Bola / Bola Dunia
Jum'at, 06 Juni 2014 | 13:29 WIB
Pelatih tim Iran Carlos Queiroz (shutterstock)

Suara.com - Piala Dunia 2014 merupakan kesempatan keempat Iran dalam turnamen sepak bola internasional paling akbar di dunia itu. Meski demikian nasib tim asuhan Carlos Queiroz itu Brasil tampaknya tidak akan jauh berbeda dari perjalanan mereka di tiga piala dunia sebelumnya karena di akan bergabung bersama tim favorit Argentina, Nigeria, dan Bosnia Herzegovina di Grup F.

Pada tiga Piala Dunia sebelumnya, yakni di 1978, 1998, dan 2006, Iran selalu kandas fase grup. Piala Dunia 1998 adalah pengalaman paling manis Iran. Ketika berhasil mengalahkan Amerika Serikat dengan skor 2-1 dan menempati urutan ketiga klasemen grup F. Di dua Piala Dunia lainnya, Iran selalu menempati peringkat akhir klasemen.

Beratnya tantangan Iran di Brasil sendiri sudah diakui oleh Queiroz, yang tidak menetapkan target terlalu muluk untuk tim yang berada di urutan 37 ranking federasi sepak bola dunia, FIFA, itu.

"Secara realistis, apakah Iran bisa menjuarai Piala Dunia? Jelas tidak ada yang percaya itu bisa terjadi," kata Queiroz dalam sebuah wawancara dengan Fifa.com, "Target kami adalah untuk maju lebih ke depan, menempatkan diri kami di kasta yang sama dengan Jepang dan Korea Selatan, merebut tempat untuk menjadikan Iran salah satu dari tiga tim terbaik di Asia."

Skuat Iran yang akan berlaga di Brasil sendiri tampaknya akan bertumpu pada paduan pemain-pemain yang berlaga di liga-liga sepak bola Eropa dan lokal.
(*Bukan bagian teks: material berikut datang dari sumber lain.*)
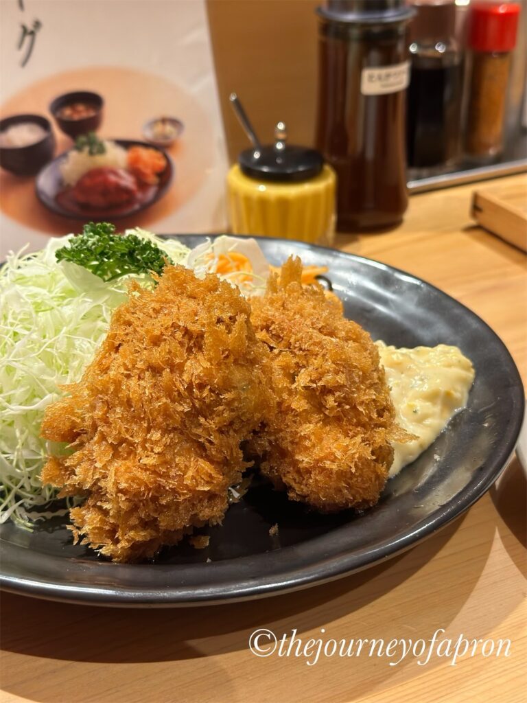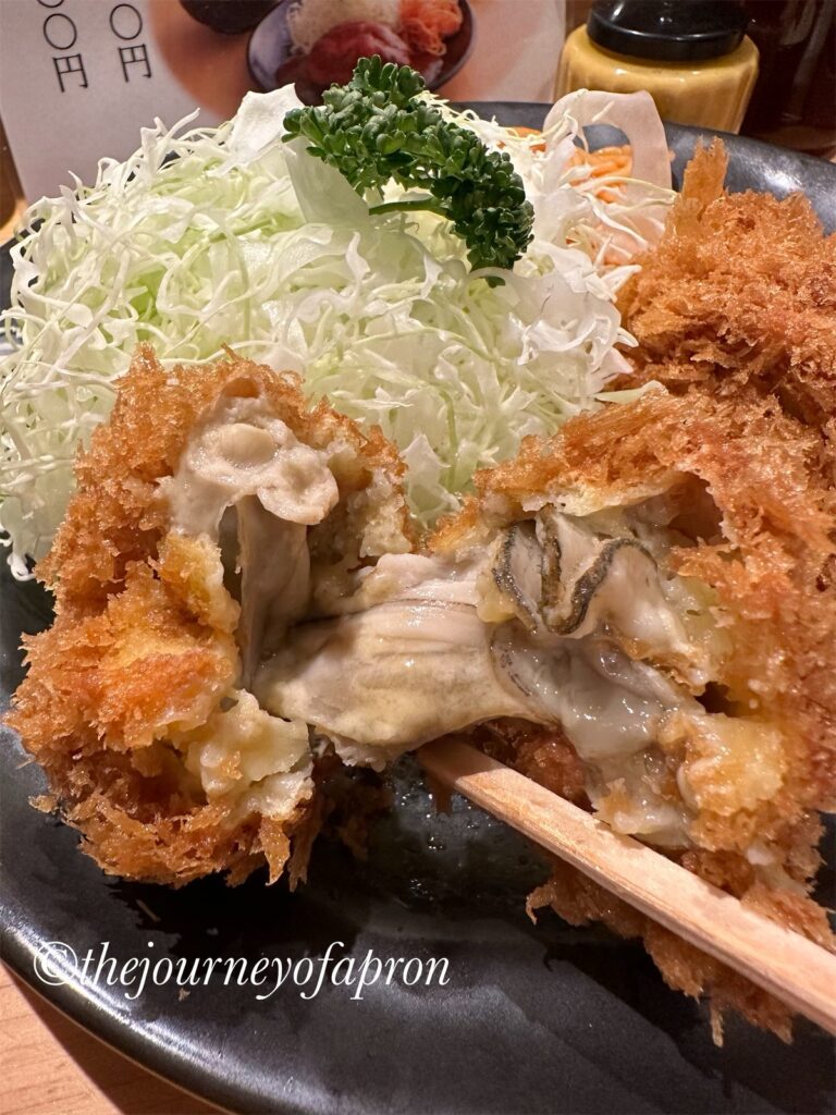 炸牡蠣是是季節限定外加數量限定的商品,我倆當然不願錯過。這裡的作法不同於台式裹乾地瓜粉油炸蚵仔的邏輯,是用跟炸豬排類似的裹麵包粉酥炸手法,酥脆爆漿、粒粒渾圓飽滿,吃起來鹹香過癮!不過我個人認為牡蠣軟嫩,而麵包粉炸後的外皮相形之下就顯得有些刮嘴,我不是很適應。但廣島炸牡蠣似乎就是這種口感,不能說人家不好吃、是我自己吃不習慣。
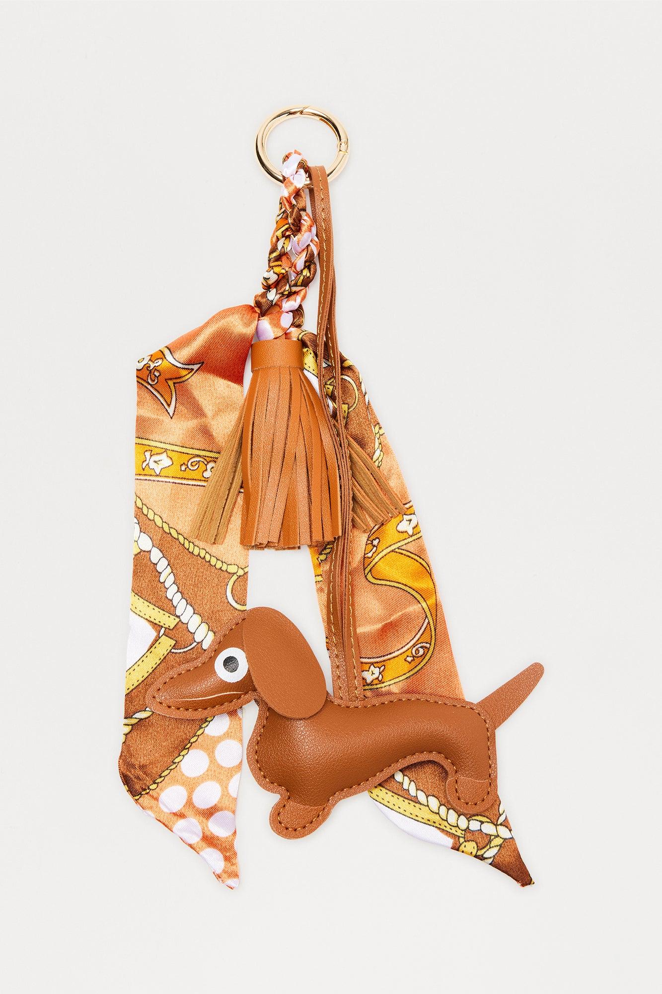 Available In Brown/combo. Handbag Charm Weiner Dog Design Faux Leather Silky Scarf Detail Fringe Detail Imported California Proposition 65WARNING: Cancer and Reproductive Harm - www.P65Warnings.ca.gov.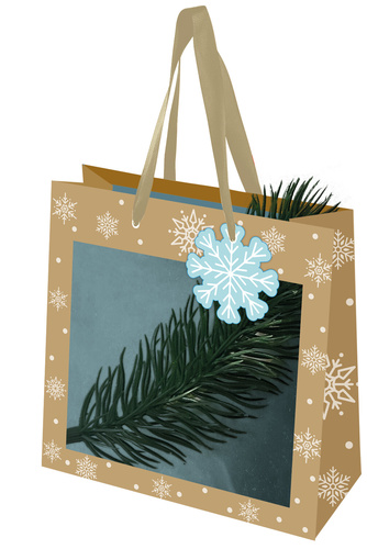Пакет изготовлен из крафт-бумаги, украшенной нежными узорами снежинок, снабжен ленточными ручками из полиэстера. Размер – 20x8x20 см. Внутри пакет выполнен в светло-голубом цвете. С лицевой стороны пакета – прозрачное "окно", через которое виден голубой цвет внутренней части пакета – оригинальный акцент, привлекающий внимание.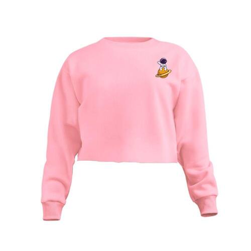 Blusa Cropped Moletom Astronauta Saturno Feminino Personalizado com Cintura Descosturada - Rosa - M

Dari susunan skuat sementara yang dipanggil Queiroz 7 Mei kemarin, ada nama Ashkan Dejagah yang bermain di Liga Primer Inggris bersama Fulham, Jahanbakhsh dari NEC Nijmegen di Eredivisie, Belanda, dan Sardar Azmoun, bintang mudah Iran yang memperkuat klub Rusia, Rubin Kazan.

Perjalanan Tim:

Iran lolos ke putaran final Piala Dunia 2014 Brasil setelah keluar sebagai juara grup A kualifikasi putaran keempat zona Asia. Iran memastikan satu tempat di Brasil setelah secara mengejutkan mengalahkan tuan rumah Korea Selatan pada 18 Juni 2013. Di Grup A, Iran berhasil menyisihkan Uzkbekistan, Qatar, dan Libanon. Adapun Korsel juga lolos sebagai runner up grup.

Pemain Bintang:

Javad Nekounam (Al Kuwait) tidak lepas dari tim nasional Iran selama lebih dari satu dekade. Gelandang kelahiran 1980 itu sudah 130 kali membela skuat berjuluk "Tim Melli" itu. Pemain yang pernah selama enam tahun bermain untuk Osasuna La Liga Spanyol, laksana jangkar dalam kesebelasan Iran. Dia juga sering menjadi aktor utama dalam serangan balik cepat "Tim Melli". Selain itu Nekounam juga menjadi andalan Iran dalam set piece.

Pelatih:

Carlos Queiroz memegang kendali atas tim nasional Iran sejak April 2011. Menandatangani kontrak selama dua setengah tahun, dia memang ditugaskan untuk meloloskan Iran ke putaran final Piala Dunia 2014. Dan dia berhasil.

Secara garis besar, karier kepelatihan Queiroz tidak begitu mentereng, meski juga berhasil membawa Portugal ke Piala Dunia 2010. Melatih Portugal sejak Juli 2008, Queiroz sebenarnya berhasil membawa Cristiano Ronaldo dkk ke babak 16 besar sampai tersingkir setelah dikalahkan Spanyol dengan skor 1-0.

Usai Piala Dunia Afrika Selatan itu, tepatnya pada September 2010, Queiroz lantas dipecat Portugal. Akan tetapi, dia tercatat dalam sejarah karena menjadi pelatih Portugal pertama yang berhasil lolos ke putaran final Piala Dunia dua kali berturut-turut.

Selain di level internasional, Queiroz berpengalaman klub-klub besar Eropa, seperti Real Madrid dan menjadi asisten Alex Ferguson di Manchester United.